Chapter four is a discussion of civil-military relations in theory. He defines subjective civilian control (where military professionalism is reduced due to co-opting of the military by civilian political groups) and objective civilian control - where military professional thrives as it is far removed from politics. He describes the effect of four ideologies (liberalism, fascism, Marxism, conservatism) on military professionalism and civilian control.

Chapter five analyzes the military professional in the German and Japanese societies where it became dominant as militarism. He states that, "no country has had a wider variety of experiences in civil-military relations than modern Germany", with its officer corps achieving unmatched "high standards of professionalism" and then being "completely prostituted" under Nazism. He details the varying situations of the imperial, World War I, republican, and Nazi periods. In contrast, "Japanese civil-military relations remained in a single relatively stable pattern from 1868 to 1945" where the "military played a persistently active role in the politics of their country." He argues that "in both countries the disruption of the civil-military balance reflected more basic constitutional disorders" and "that disruption helped undermine the nation's security: distorting the perspective and judgment of soldiers and statesmen."

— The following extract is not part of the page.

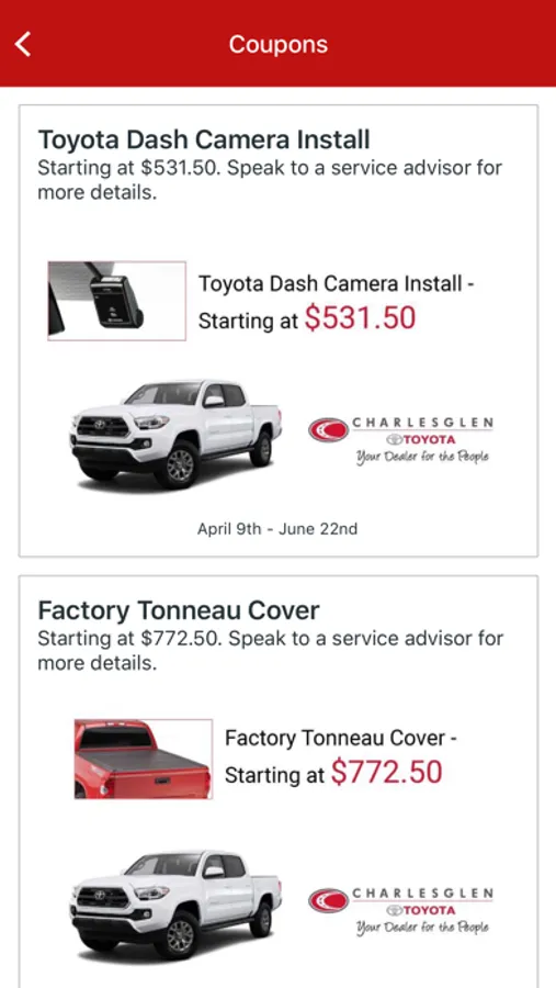 Charlesglen Toyota dealership loyalty app provides customers with an enhanced user experience. The mobile dealership app provide customers with relevant specials and loyalty offers. Key features include:

=== Part II: "Military Power in America: The Historical Experience: 1789–1940" ===

Chapter six describes the military in the traditional liberal American political context in four sections: liberalism and the Constitution as historical constants of American civil-military relations, the prevalence of liberalism in the U.S., the liberal approach to military affairs, and the military hero in liberal politics. He details how "the American liberal approach to military affairs was hostile, static and dominant; the conservative approach of the Federalists and the South sympathetic, constructive and thwarted." The elements of American liberalism which influenced international relations "were (1) its indifference to international affairs, (2) its application of domestic solutions to international affairs, and (3) its search for objectivity in international affairs." He also states that "the United States, by virtue of its noninvolvement in the balance of power was able to pursue foreign policy objectives defined in terms of universal ideals rather than in terms of national interests." He discusses the "hostile image of the military profession" and "liberal military policy". He argues that the non-professional military hero was traditionally welcomed in liberal America while the professional military hero was generally not successful politically.

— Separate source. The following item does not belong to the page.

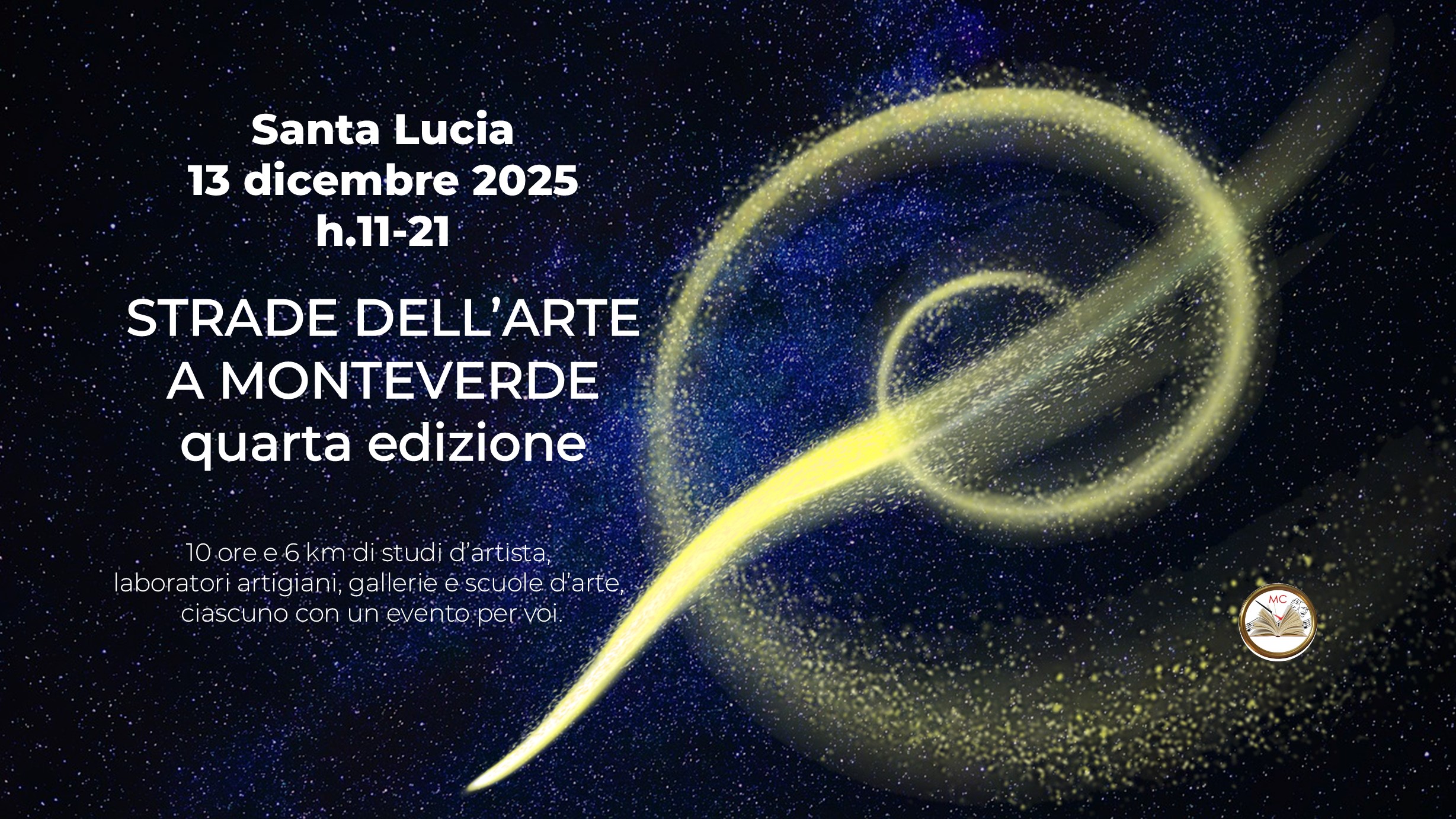 Il 13 dicembre 2025, dalle 11 alle 21, Monteverde torna a illuminarsi per Santa Lucia con la quarta edizione delle Strade dell’Arte, un evento che ogni anno trasforma il quartiere in un percorso diffuso di creatività, incontri e bellezza.

Chapter seven explains the structure of civil-military relations provided by the conservative U.S. constitution and civil control of the military.

Chapter eight outlines the American military tradition up to the Civil War.

Chapter nine is "The Creation of the American Military Profession". It outlines the contributions of key individuals and institutions and describes the origins of the American military mind.

Chapter ten covers the period 1890 to 1920, including "Neo-Hamiltonism", Alfred Mahan and Leonard Wood.

Chapter eleven covers interwar civil-military relations and the military ethic of the period.

=== Part III: "The Crisis of American Civil-Military Relations 1940–1955" ===

Chapter twelve covers World War II.

Chapter thirteen outlines civil-military relations in the first decade after World War II.

Chapter fourteen is "The Political Roles of the Joint Chiefs."

Chapter fifteen describes the impact of the separation of powers on civil-military relations during the Cold War.

Chapter sixteen analyzes the Cold War structure of the Defense Department in the context of civil-military relations.

Chapter seventeen discusses the challenges faced by the heightened ongoing defense needs of the Cold War versus the tradition of American liberalism and the move "Towards a New Equilibrium" between the two.